» What to work on
Only the lines from the one with "Klasická kovová britva" through the end of the data below belong in the answer, restated word for word, pictures excluded.

(Information shown)

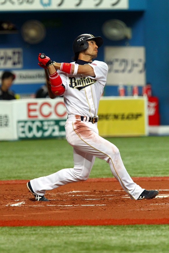 6番 李スンヨプ 右中二 外角低めへの抜いた変化球を芯で捉えたライナー性の打球が右中間を抜け、フェンスダイレクト!!! 3塁から大引、2塁からT-岡田が生還!!! 1塁ランナーの駿太は3塁、打った李スンヨプも2塁へ進塁!!! オ3-4ロ ![]() 3
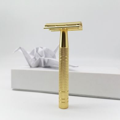 Klasická kovová britva so zosilnenou rukoväťou, zlatá farba
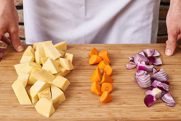 Die Karotte und die Steckrübe schälen und in 1–2cm große Stücke schneiden. Die Zwiebel schälen, halbieren und grob würfeln. Das Gemüse mit etwas Salz und Zucker vermengen und beiseitestellen.

(End Information shown)

» Exercise solution
 Klasická kovová britva so zosilnenou rukoväťou, zlatá farba
 Die Karotte und die Steckrübe schälen und in 1–2cm große Stücke schneiden. Die Zwiebel schälen, halbieren und grob würfeln. Das Gemüse mit etwas Salz und Zucker vermengen und beiseitestellen.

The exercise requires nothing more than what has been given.